▶ **What to produce**: Write out the listing exactly, dropping any picture it contains.

──────────

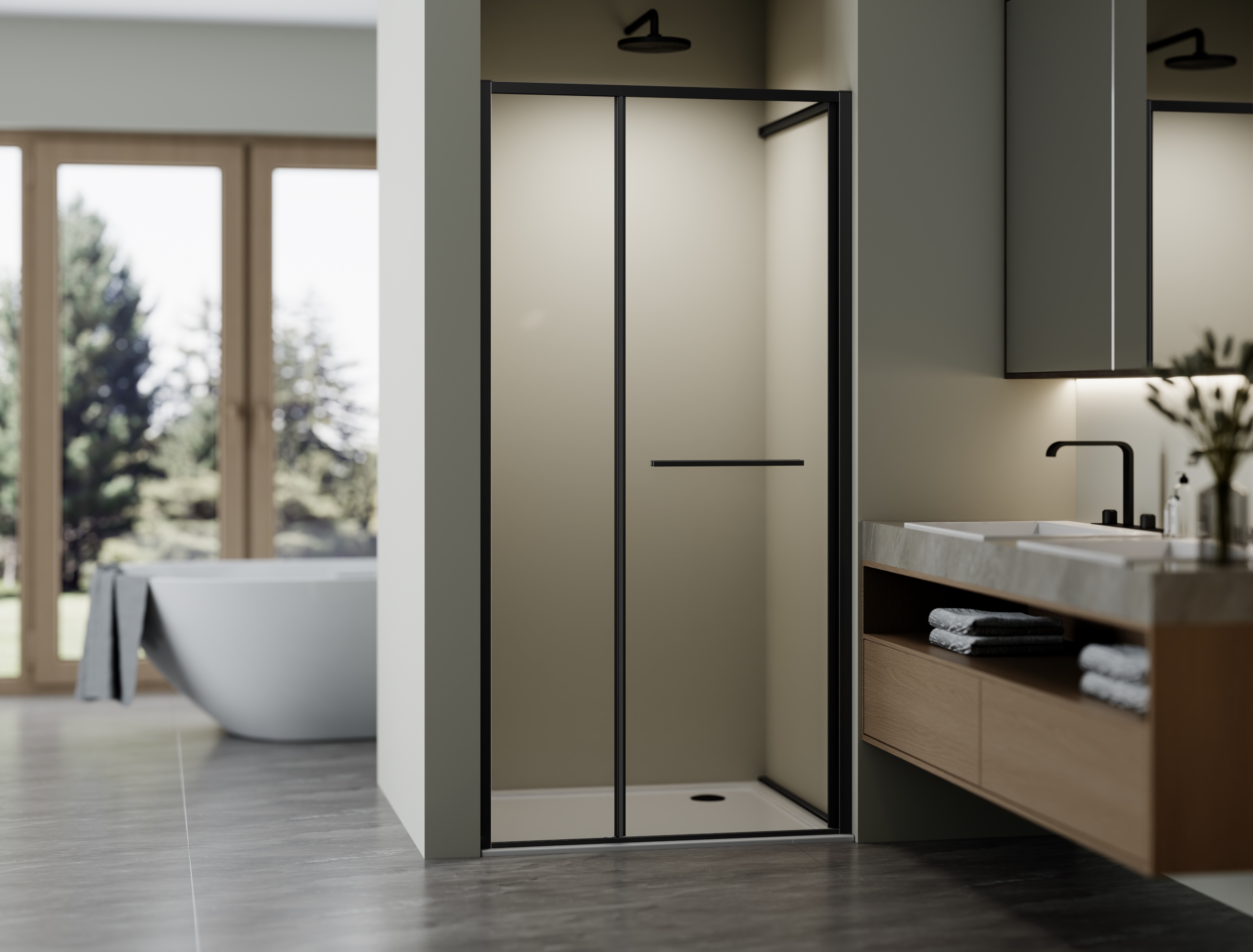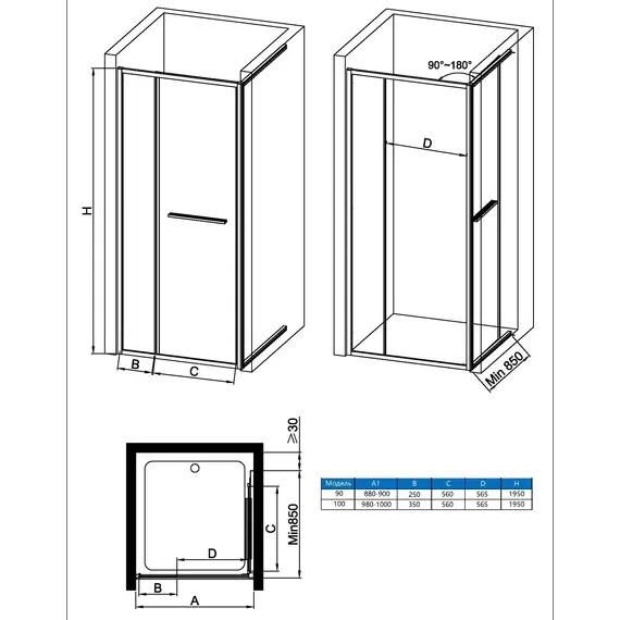 Душевая дверь Vincea Alpha VPSW-3AL100CLB, 1000, черный, стекло прозрачное
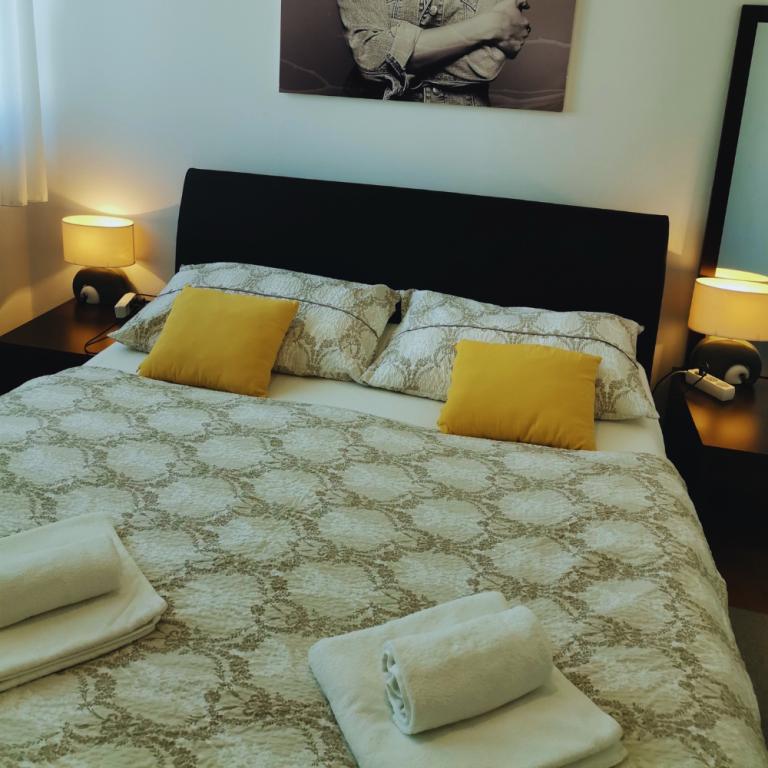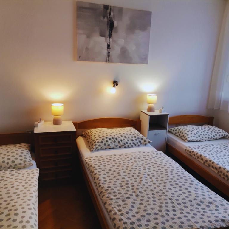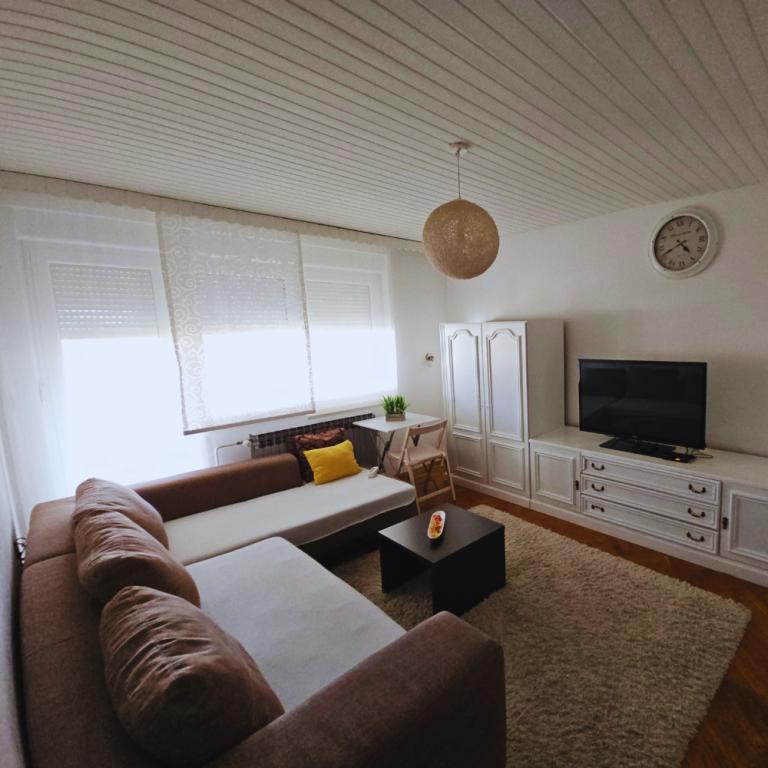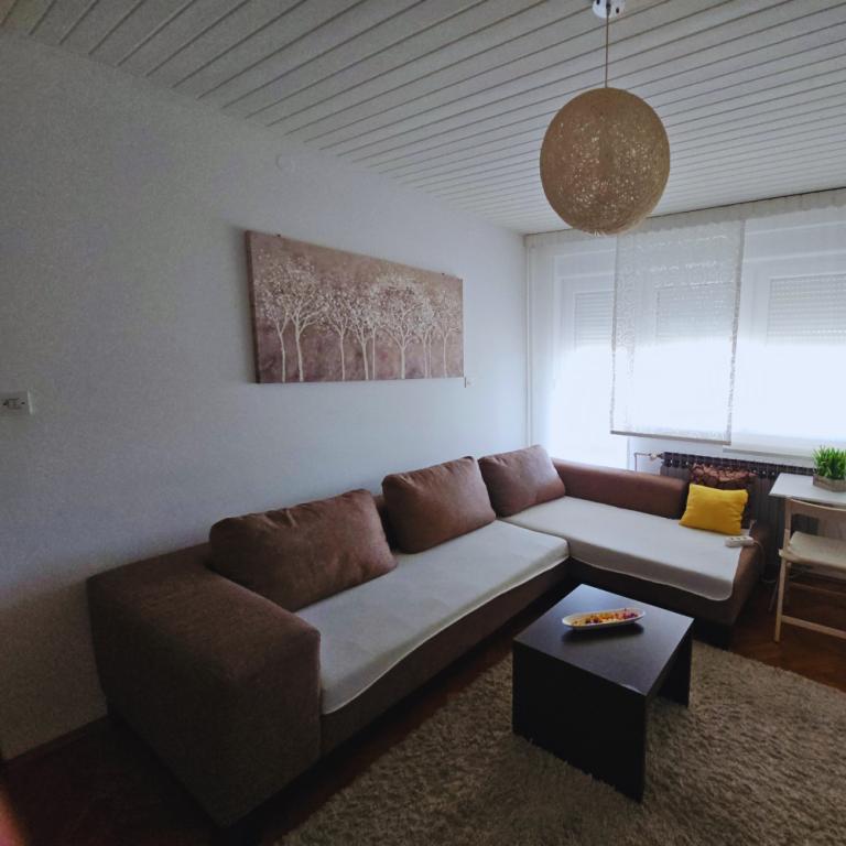 Nudimo novouređeni apartman u mirnom djelu grada. Ugodan boravak za djelatnike firmi i obitelji. Površine od 95m2, prostran i komforan. Sastoji se od dvije spavaće sobe, dnevnog boravka, kuhinje sa trpezarijom iz koje se izlazi na veliku prostranu terasu. Sobe za spavanje sadrže 1 bračni krevet, 3 pojedinačna ležaja za jednu osobu i u dnevnoj boravku ima dodatni ležaj. Apartman ima klimu, internet i privatno parkiralište te potpuno opremljenu kuhinju. U blizini objekta nalazi se dvorana Gradski vrt i svi potrebni sadržaji za ugodan boravak. Za sve dodatne informacije nazvati.
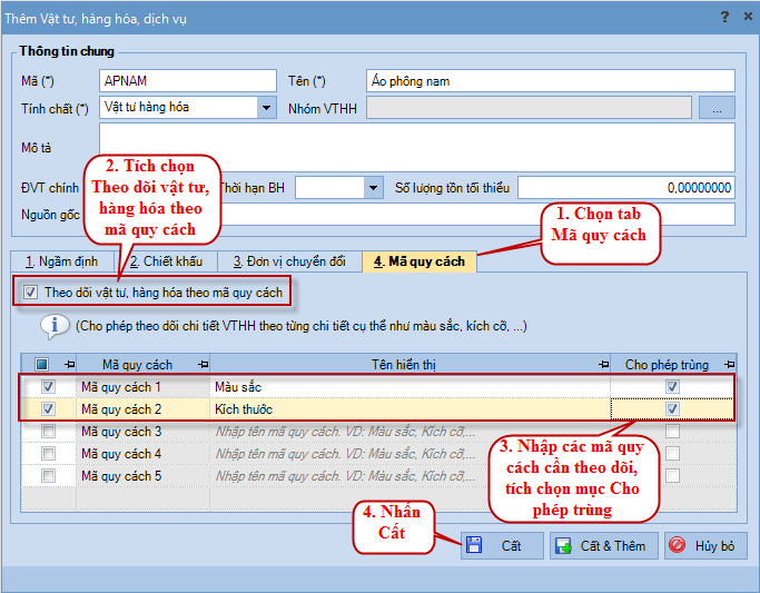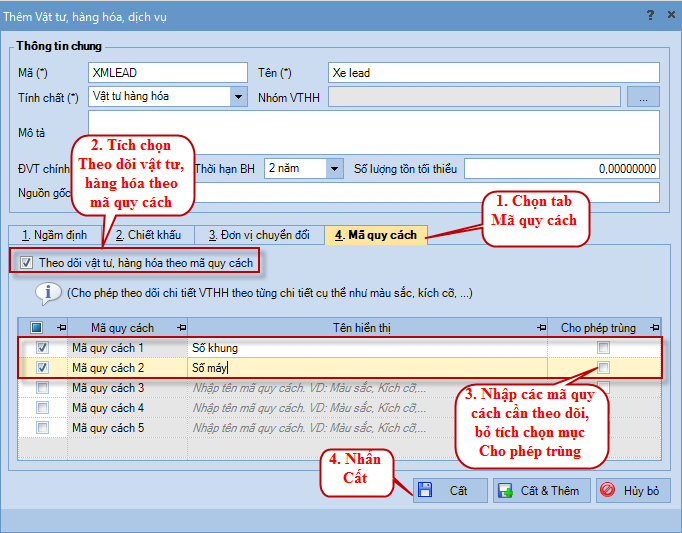 - Phân biệt mã quy cách cho phép trùng và không trùng.
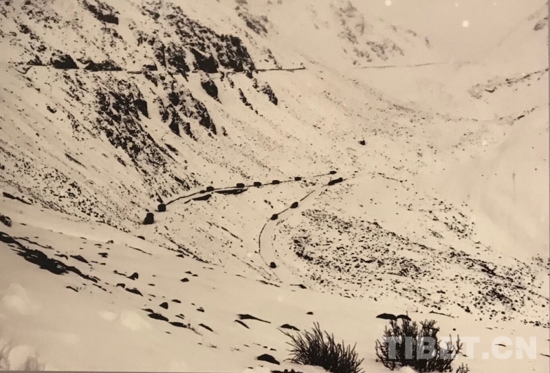 圖為第17屆西藏珠穆朗瑪攝影大展展出的藍(lán)志貴于1951年進(jìn)軍西藏途中所拍攝的《翻越泥巴山》 翻拍:王淑
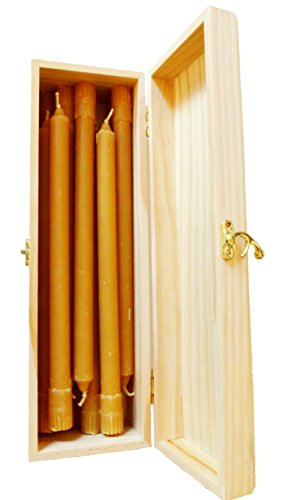 This colonial beeswax taper candles measures 11 inches and has a bell shaped top and self-fitting base. Wood Box 13.5x4x3.8 inch
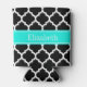 Black and White Moroccan Quatrefoil Trellis Pattern #5, Bright Aqua Ribbon Name Monogram Label
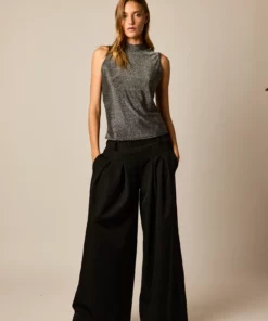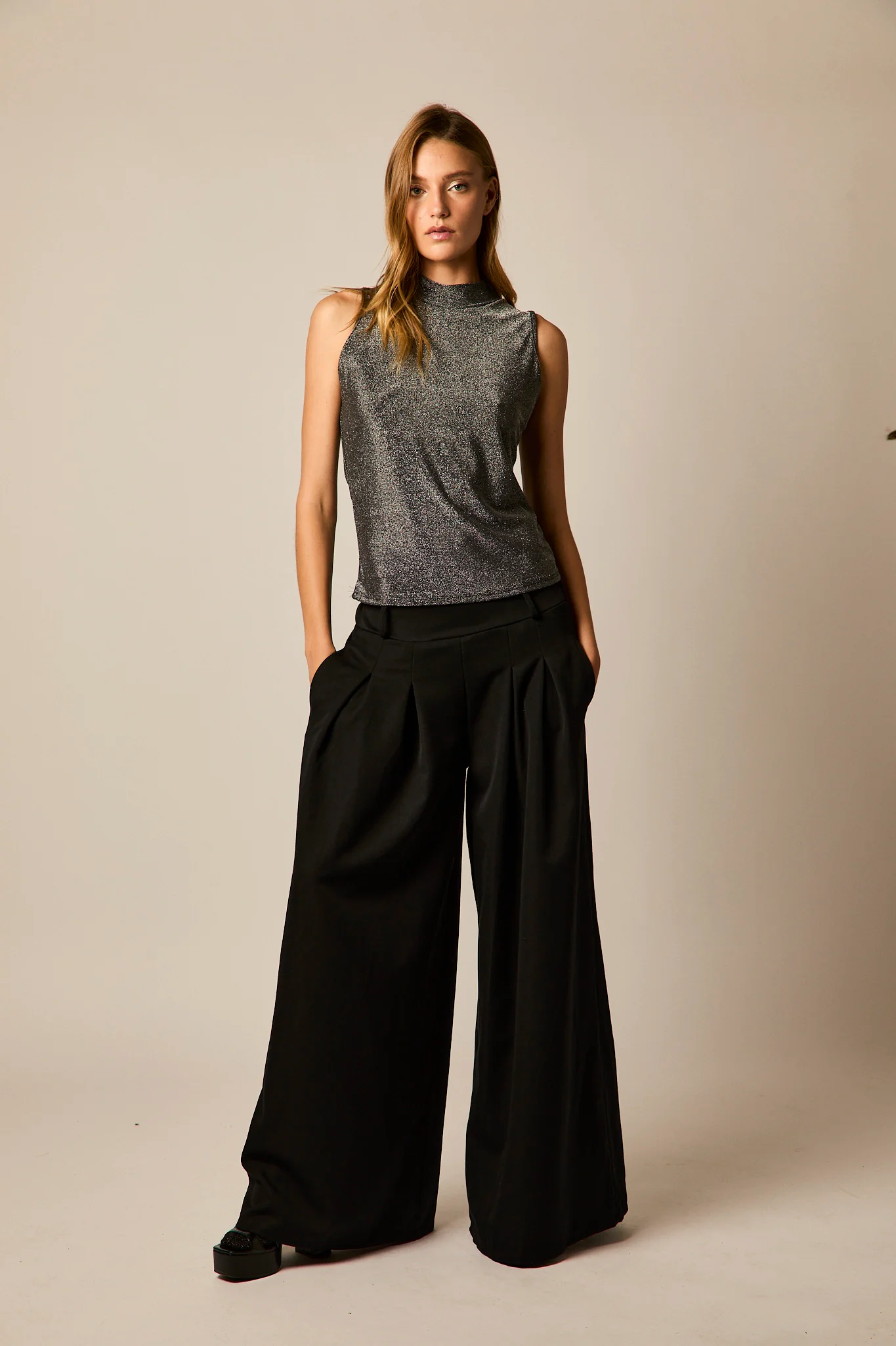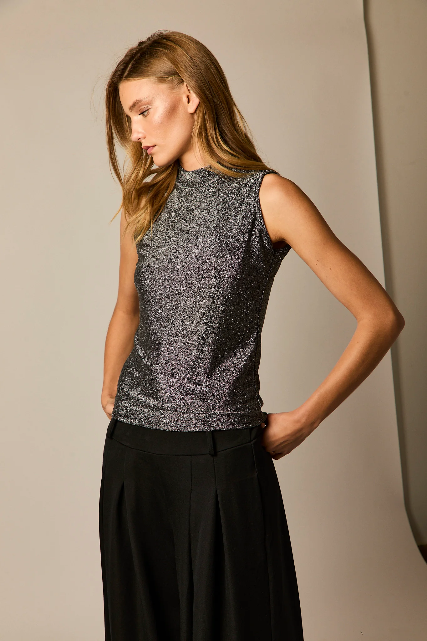 Top de lurex en color plateado. Cuello alto, sin mangas y diseño recto.
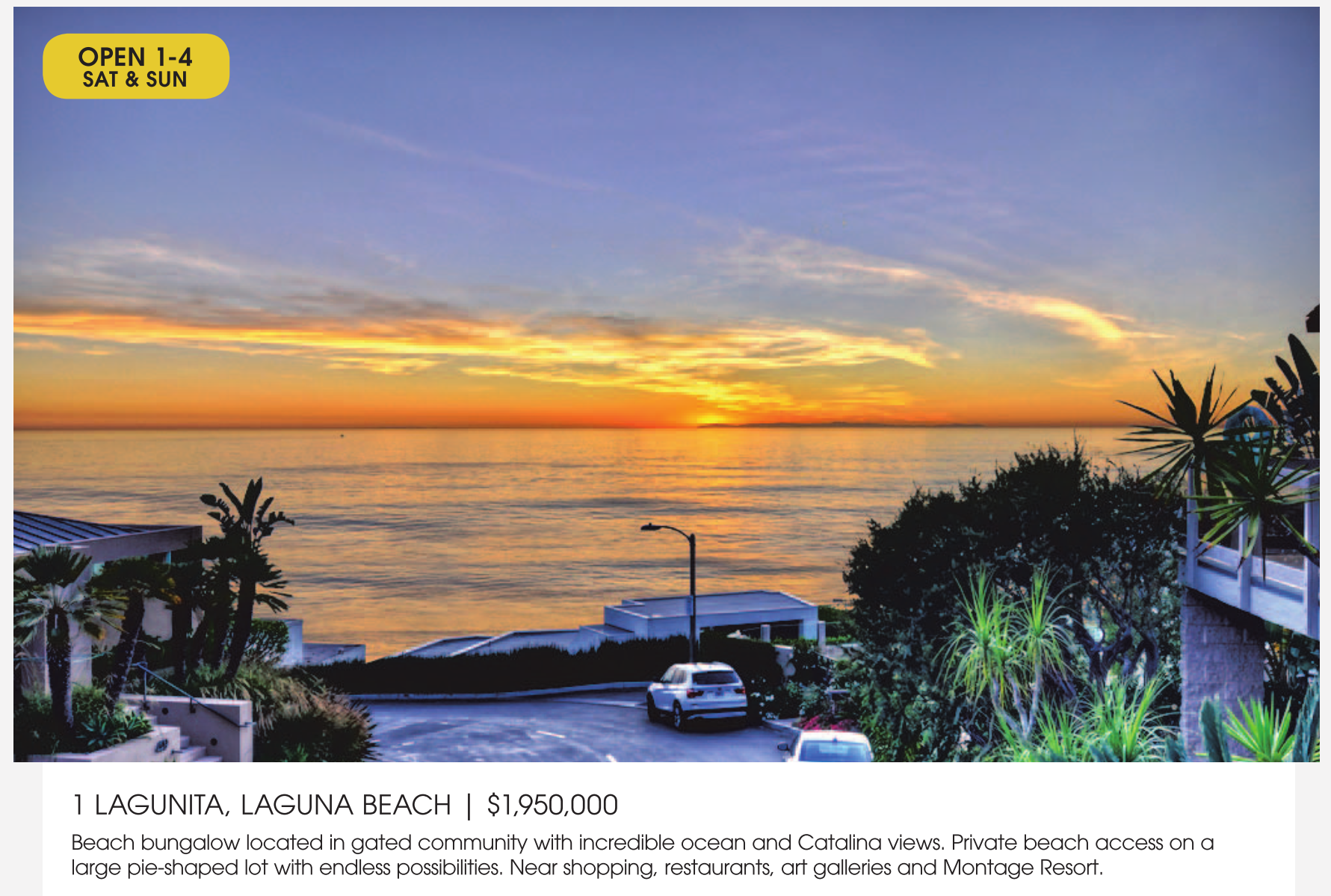 OPEN 1-4 SAT & SUN 1 LAGUNITA, LAGUNA BEACH | $1,950,000 Beach bungalow located in gated community with incredible ocean and Catalina views. Private beach access on a large pie-shaped lot with endless possibilities. Near shopping, restaurants, art galleries and Montage Resort.
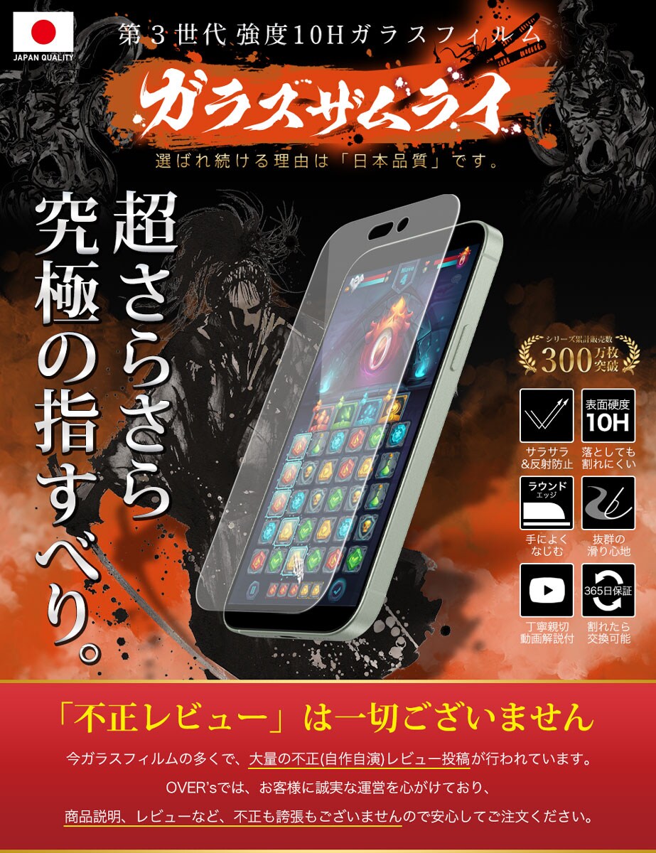 ガラスザムライ iPhone15 Plus ガラスフィルム アンチグレア 10H 国産ガラス素材 強化ガラス 保護フィルム フィルム 388-ang
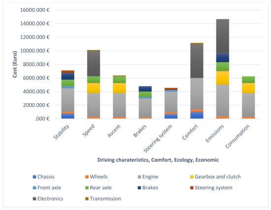 From the analysis of function forms A2 to C2 in the matrix, we can see that the functions A2—Speed and C1—Emissions are the most expensive. For example, when we try to find ways to reduce production, use, and servicing costs for the C1 emission function, it is relatively easy to find that it has the highest cost–benefit ratio. At the same time, it is also the most expensive feature. This means that it is necessary to make changes in terms of reducing costs and thus improve the cost–benefit index [6,7].
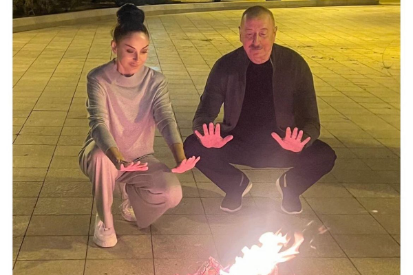 Prezident Od çərşənbəsində xanımı ilə tonqal ətrafında - FOTO/VİDEO
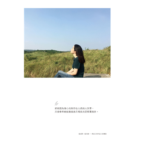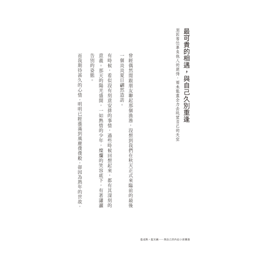 隨著生命愈來愈成熟,閱歷愈來愈豐富,長大後的我們,有足夠的能力去辨識,是或非、對或錯、愛或恨、黑或白、山或海、漁火或星光......但我很慶幸自己,臣服於無以數計的世事無常後,繞了生命的遠路,越過青春的迢遠,能夠與內在小孩再度重逢。
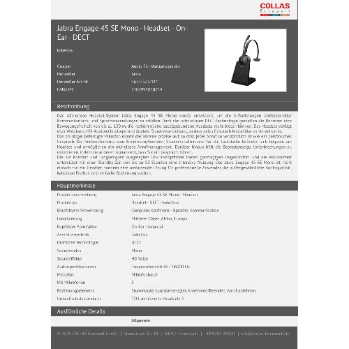Jetzt anmeldenProduktinformationen "Jabra Engage 45 SE Mono - Headset - On-Ear - DECT"

──────────

▶ **Solution for this exercise**:
 Душевая дверь Vincea Alpha VPSW-3AL100CLB, 1000, черный, стекло прозрачное
 Nudimo novouređeni apartman u mirnom djelu grada. Ugodan boravak za djelatnike firmi i obitelji. Površine od 95m2, prostran i komforan. Sastoji se od dvije spavaće sobe, dnevnog boravka, kuhinje sa trpezarijom iz koje se izlazi na veliku prostranu terasu. Sobe za spavanje sadrže 1 bračni krevet, 3 pojedinačna ležaja za jednu osobu i u dnevnoj boravku ima dodatni ležaj. Apartman ima klimu, internet i privatno parkiralište te potpuno opremljenu kuhinju. U blizini objekta nalazi se dvorana Gradski vrt i svi potrebni sadržaji za ugodan boravak. Za sve dodatne informacije nazvati.
 - Phân biệt mã quy cách cho phép trùng và không trùng.
 圖為第17屆西藏珠穆朗瑪攝影大展展出的藍(lán)志貴于1951年進(jìn)軍西藏途中所拍攝的《翻越泥巴山》 翻拍:王淑
 This colonial beeswax taper candles measures 11 inches and has a bell shaped top and self-fitting base. Wood Box 13.5x4x3.8 inch
 Black and White Moroccan Quatrefoil Trellis Pattern #5, Bright Aqua Ribbon Name Monogram Label
 Top de lurex en color plateado. Cuello alto, sin mangas y diseño recto.
 OPEN 1-4 SAT & SUN 1 LAGUNITA, LAGUNA BEACH | $1,950,000 Beach bungalow located in gated community with incredible ocean and Catalina views. Private beach access on a large pie-shaped lot with endless possibilities. Near shopping, restaurants, art galleries and Montage Resort.
 ガラスザムライ iPhone15 Plus ガラスフィルム アンチグレア 10H 国産ガラス素材 強化ガラス 保護フィルム フィルム 388-ang
 From the analysis of function forms A2 to C2 in the matrix, we can see that the functions A2—Speed and C1—Emissions are the most expensive. For example, when we try to find ways to reduce production, use, and servicing costs for the C1 emission function, it is relatively easy to find that it has the highest cost–benefit ratio. At the same time, it is also the most expensive feature. This means that it is necessary to make changes in terms of reducing costs and thus improve the cost–benefit index [6,7].
 Prezident Od çərşənbəsində xanımı ilə tonqal ətrafında - FOTO/VİDEO
 隨著生命愈來愈成熟,閱歷愈來愈豐富,長大後的我們,有足夠的能力去辨識,是或非、對或錯、愛或恨、黑或白、山或海、漁火或星光......但我很慶幸自己,臣服於無以數計的世事無常後,繞了生命的遠路,越過青春的迢遠,能夠與內在小孩再度重逢。
Jetzt anmeldenProduktinformationen "Jabra Engage 45 SE Mono - Headset - On-Ear - DECT"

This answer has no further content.